Source records

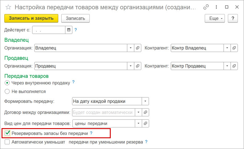 В форме настройки передач между организациями появился новый флажок "Резервировать запасы без передачи".
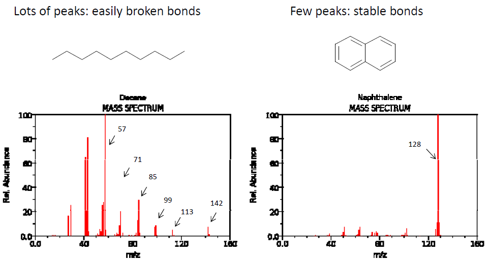 Examine the UV response, mass spectrum and IR spectrum of the unknown compound and state the Molecule stability.
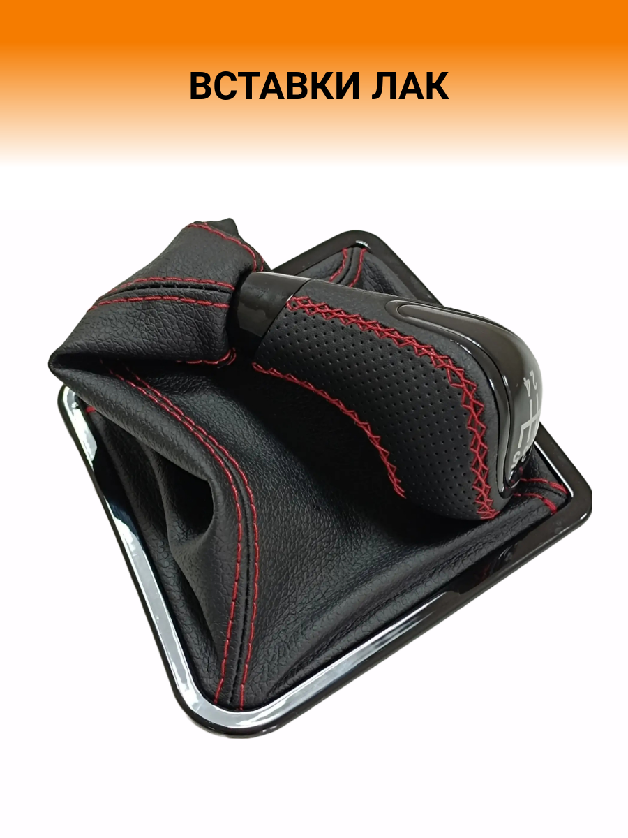 10 цен на Ручка КПП с чехлом в стиле Весты на ВАЗ-2170 Лада Приора 1 с Приора кулисой, черный с красной строчкой "рамка лак"
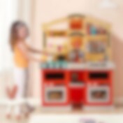 Legetøjsbutik i træ til børn fra 3 år – med indkøbsvogn, kasseapparat og kridttavle
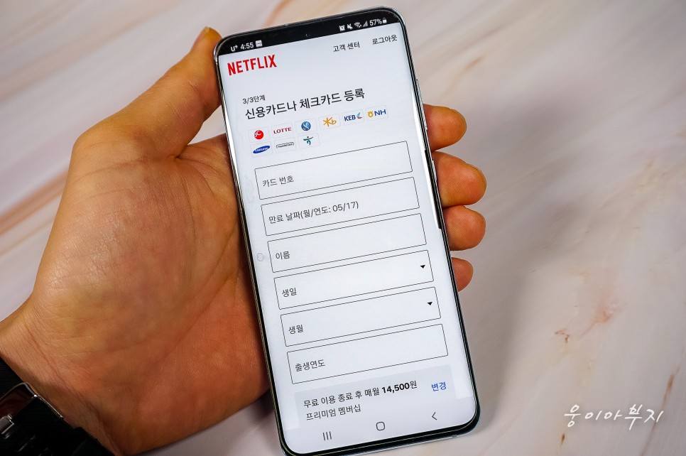 신용카드나 체크카드 정보를 입력합니다. 조심해야 할 것은 저는 실제 생일과 주민번호가 다릅니다. 반드시 카드 신청 시 작성한, 즉 주민번호 생일을 입력해야 합니다. 그렇지 않으면 오류가 발생합니다!
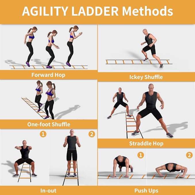 - Agility Ladder And Cones 20 Feet For Training: Ideal for beginners and professional athletes, this agility ladder is a must-have for improving speed, endurance, agility, coordination, quickness and overall athletic performance
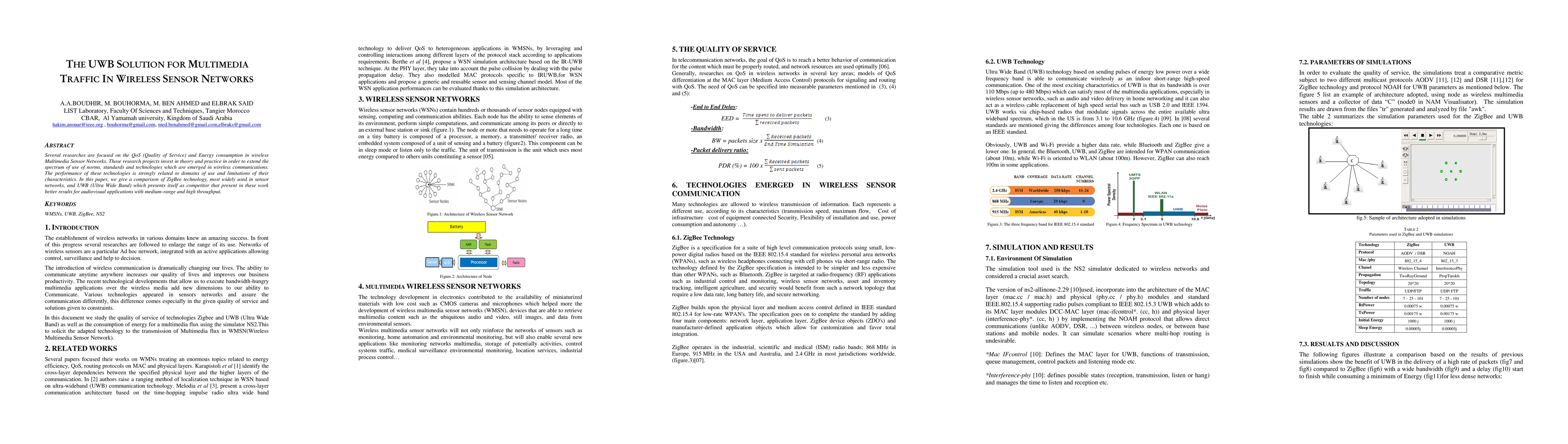 This paper compares ZigBee and UWB technologies for multimedia traffic in wireless sensor networks, finding that UWB offers superior performance for medium-range audiovisual applications due to its high throughput. The study highlights the potential of UWB as a competitor to ZigBee in this domain.

**ASSIGNMENT:** For this exercise, write out exactly the lines from the one with "- Agility Ladder" through the last line of the records, inclusive, and leave each picture out.

**ANSWER TO THE PROBLEM:**
 - Agility Ladder And Cones 20 Feet For Training: Ideal for beginners and professional athletes, this agility ladder is a must-have for improving speed, endurance, agility, coordination, quickness and overall athletic performance
 This paper compares ZigBee and UWB technologies for multimedia traffic in wireless sensor networks, finding that UWB offers superior performance for medium-range audiovisual applications due to its high throughput. The study highlights the potential of UWB as a competitor to ZigBee in this domain.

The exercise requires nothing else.